*Required action*
Where an image appears, leave it out; otherwise repeat the data exactly.

*Collected data*
★ ★ ★ ★ ★ ★ ★
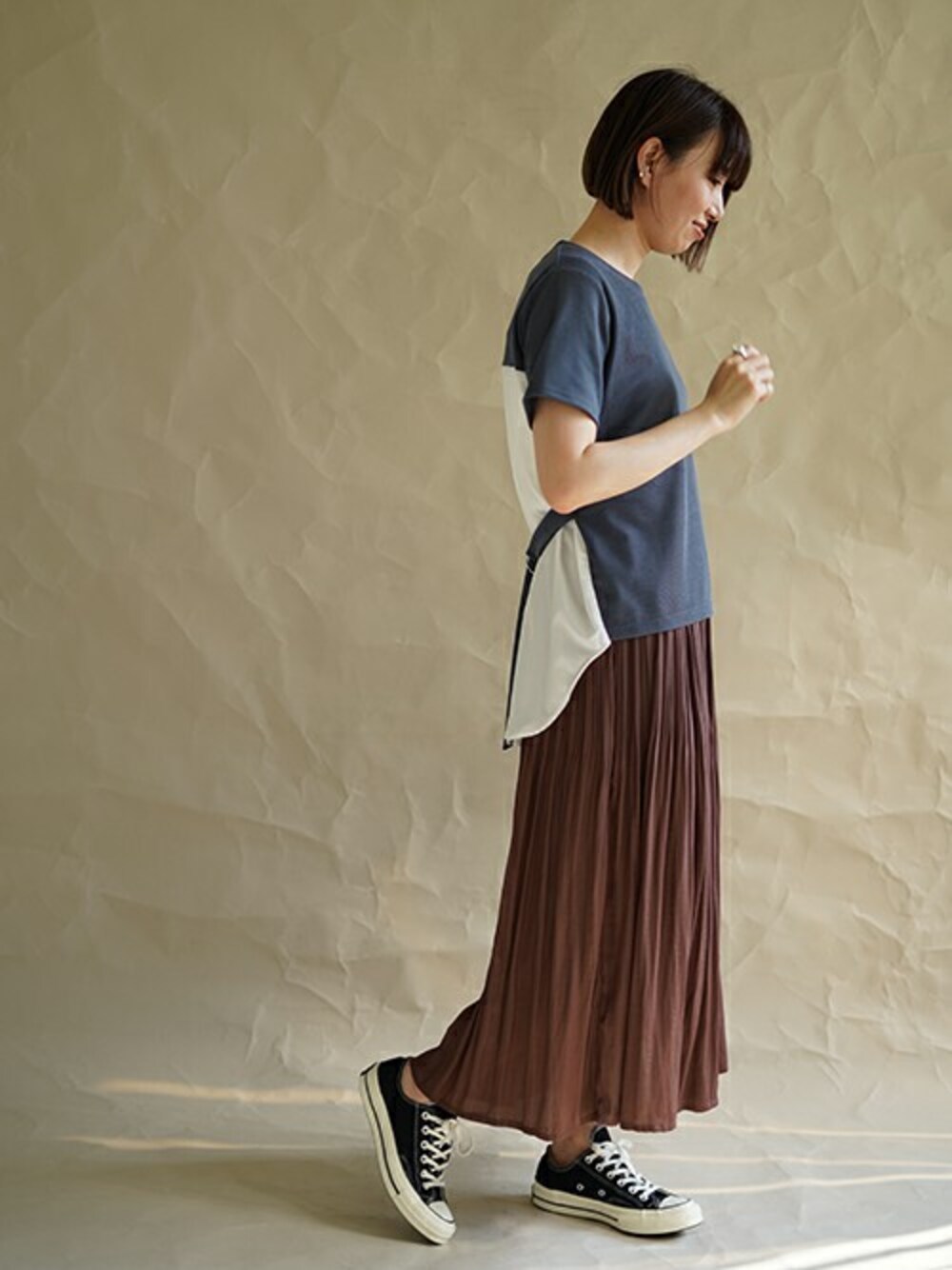 ニコルのTシャツ/カットソー「異素材コンビデザインTシャツ」を使ったコーディネート
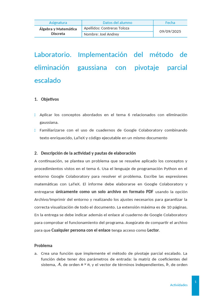 matemáticas con LaTeX. El informe debe elaborarse en Google Colaboratory y
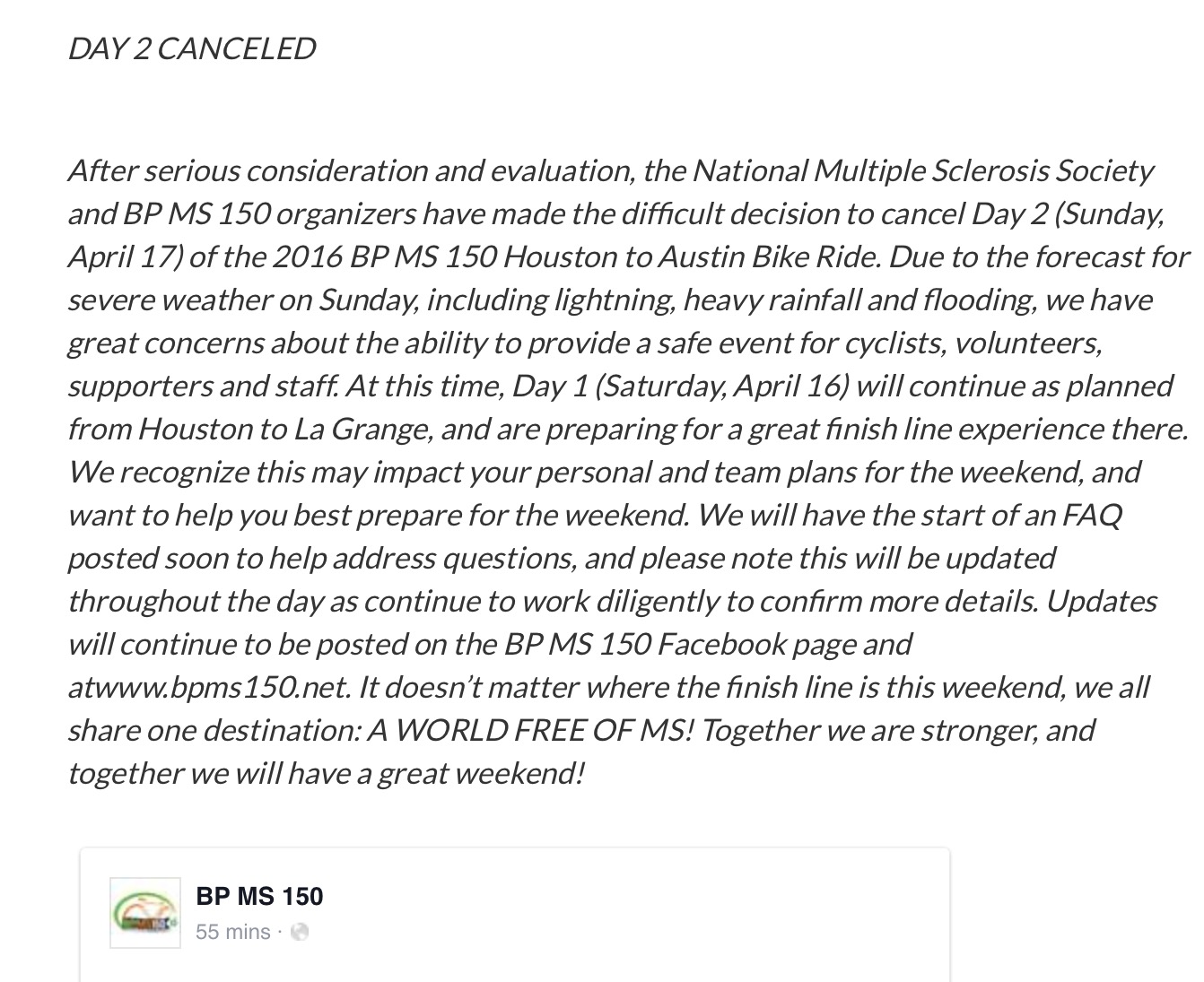 I'm sure it was a difficult decision, but I think it's the right one given the chance of severe weather before the riders reach Austin on Sunday.
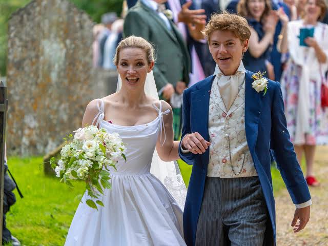 Thomas Brodie-Sangster, famed for Love Actually and The Queen’s Gambit, married Talulah Riley in a lovely ceremony in Anstey, Hertfordshire, on June 22, 2024. After meeting on the FX show Pistol in 2021, the couple announced their engagement in July 2023, thrilling fans with their romantic love tale. Riley arrived at St. George’s Church in a horse-drawn carriage, adding elegance to the pastoral wedding. Her bridal outfit was a satin gown with delicate straps and a lace-trimmed veil, while Brodie-Sangster wore a vivid three-piece suit with a blue tailcoat and floral waistcoat. In keeping with the couple’s lighthearted nature, their ceremony featured a horse with white roses and a dog as ring bearer.
★ ★ ★ ★ ★ ★ ★
*Completed exercise*
 ニコルのTシャツ/カットソー「異素材コンビデザインTシャツ」を使ったコーディネート
 matemáticas con LaTeX. El informe debe elaborarse en Google Colaboratory y
 I'm sure it was a difficult decision, but I think it's the right one given the chance of severe weather before the riders reach Austin on Sunday.
 Thomas Brodie-Sangster, famed for Love Actually and The Queen’s Gambit, married Talulah Riley in a lovely ceremony in Anstey, Hertfordshire, on June 22, 2024. After meeting on the FX show Pistol in 2021, the couple announced their engagement in July 2023, thrilling fans with their romantic love tale. Riley arrived at St. George’s Church in a horse-drawn carriage, adding elegance to the pastoral wedding. Her bridal outfit was a satin gown with delicate straps and a lace-trimmed veil, while Brodie-Sangster wore a vivid three-piece suit with a blue tailcoat and floral waistcoat. In keeping with the couple’s lighthearted nature, their ceremony featured a horse with white roses and a dog as ring bearer.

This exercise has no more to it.